What was there, as I discovered when my black mood eventually lifted, was a lonely beacon, like the sign of intelligent life in a lonely universe. I tracked it to a location near the Companion. There was no planet, no satellite, no ship, nothing within the discernment of my sensors that could send a signal.

The passage from the outer reaches to near-solar space took many periods during which I saw much closer the devastation caused by the Companion’s expansion phase. Finally I came upon the source of the signal: a battered escape capsule of an unfamiliar design turning slowly in the Companion’s wan radiance, getting just enough energy from its rays to sustain its limited operation.

I connected the capsule to my small ship. I could not decipher the instructions beside the capsule’s hatch—they were incised in a cryptic series of lines—but I finally found a button that set off explosive bolts.
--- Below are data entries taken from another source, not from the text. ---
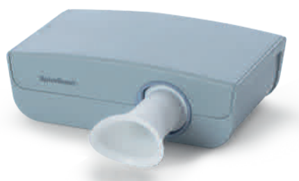
Ultrasound spirometri SpiroScout SP plus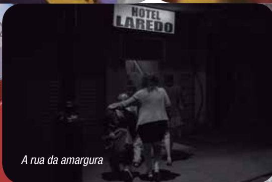
A rua da amargura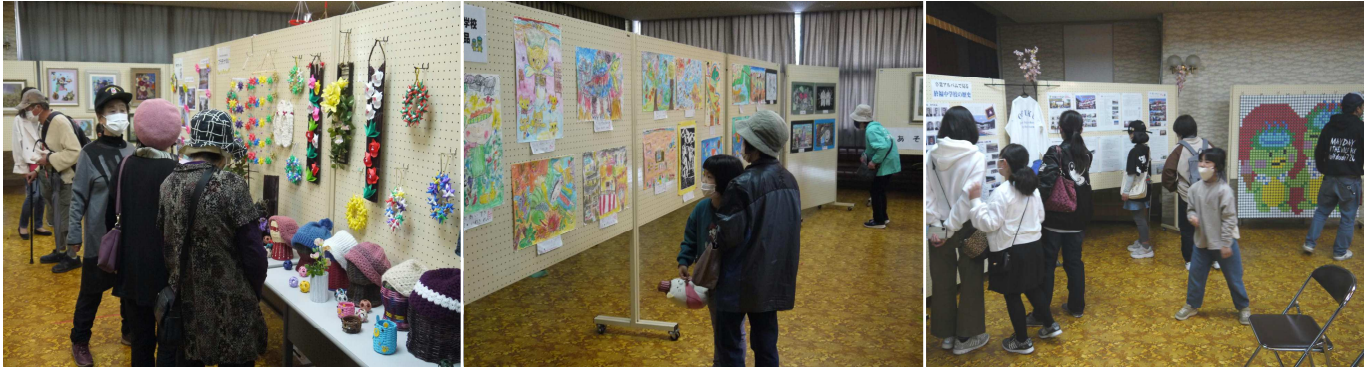
思わず見入るもの、元気がでるもの、癒されるもの たくさんの作品が一堂に会した作品展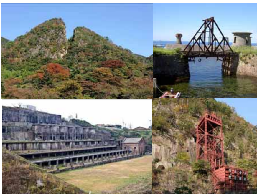
世界遺産構成資産の数々

本市では、これら文化遺産を佐渡の宝として後世に永く伝える方策の一つとして、ユネスコの世界遺産登録を目指して構成資産となる各種文化財を調査・研究し、国などの文化財指定を促進してきました。その結果、平成 20 年 9 月に「世界遺産暫定一覧表に記載が適当な資産」との決定を受けました。今後、本登録に向けて、世界遺産登録推進体制を強化するとともに、各種事業を迅速かつ効果的に進める必要があります。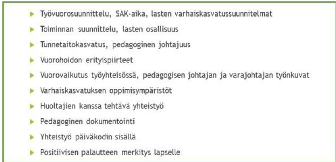
Kuvio 3: Viikkoanalyseissä käsitellyt teemat

esiin asioita, jotka ovat mielestäni hyvin tyypillisiä varsinkin vuorohoidolle. Vuorohoidon erityispiirteiden lisäksi olen nostanut esiin esimerkiksi lasten osallisuuden, työyhteisön hyvän vuorovaikutuksen ja vanhempien kanssa tehtävän yhteistyön merkitystä. Kaikki viikkokoosteissa käsittelemäni teemat on kerätty alla olevaan kuvaan.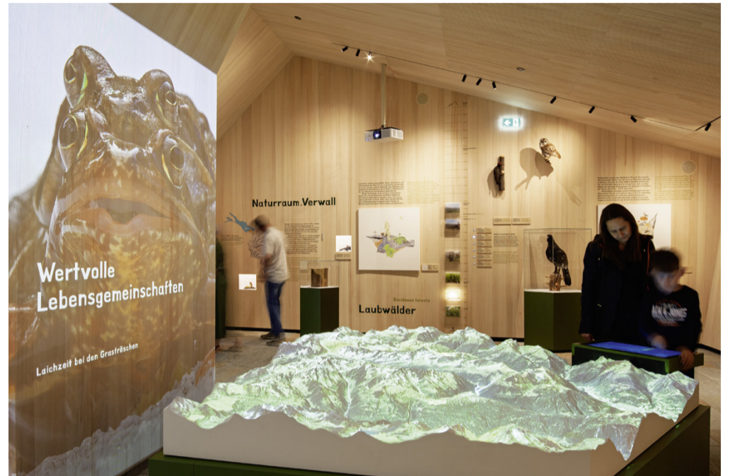
Klein, aber oho – der Naturraum.Verwall hat viel Wissenswertes zu bieten.

Das Verwall, abgeleitet vom romanischen val bel ( schönes Tal ), ist eine der prägenden Gebirgsgruppen im Montafon. Zugleich steht Verwall für das flächenmäßig größte Europaschutzgebiet Vorarlbergs. In der im Juni 2025 eröffneten Ausstellung in Partenen erhalten Besuchende spannende Einblicke in die Vielfalt der heimischen Tier- und Pflanzenwelt und die Natura-2000-Gebiete im Montafon.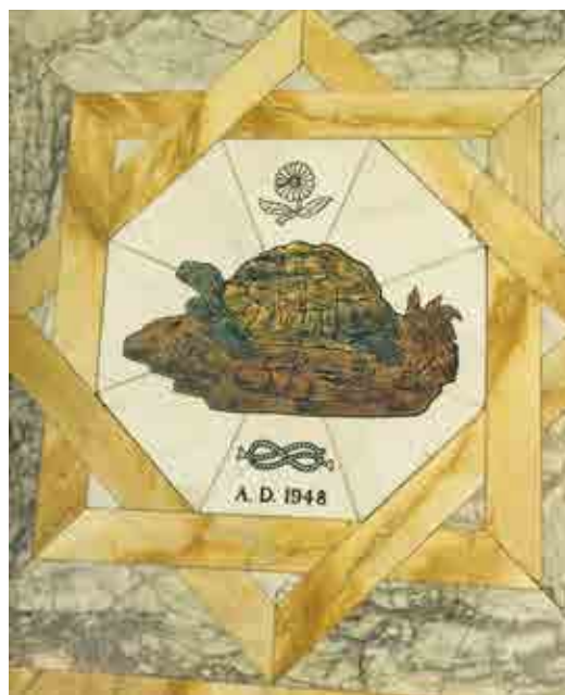
3. Graffito del pavimento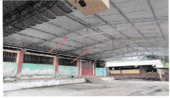
Foto 2: Suministro e instalación de estructura de metálica de patio

I sampled the atmosphere, which was within tolerable limits and without apparent toxins. Inside the capsule was a still functioning deep-freeze chamber, and inside the chamber was the ugliest creature I had ever seen—a creature with four weak extremities emerging at awkward angles from a shrunken and fragile central torso and topped by a strange growth dotted with openings and covered in places with threadlike tendrils.

Only later—my apologies to present company—did I discover that this was a human. This was the first human I had ever seen, certainly the first human any Sirian had ever seen except, perhaps, at the highest level of galactic leadership where, I learned later, human emissaries already were making their demands that soon would result in war.

But all of this was yet to come. Here, now, was this alien creature, and it was dead—or so nearly dead that the difference was imperceptible. If any other galactic had discovered this castaway, the end would have been certain, but Sirians have such fine control of their temperatures that freezing is not necessarily fatal. Indeed, Sirians have been discovered in hidden glaciers and been revived after being frozen for many hundreds, even thousands, of cycles.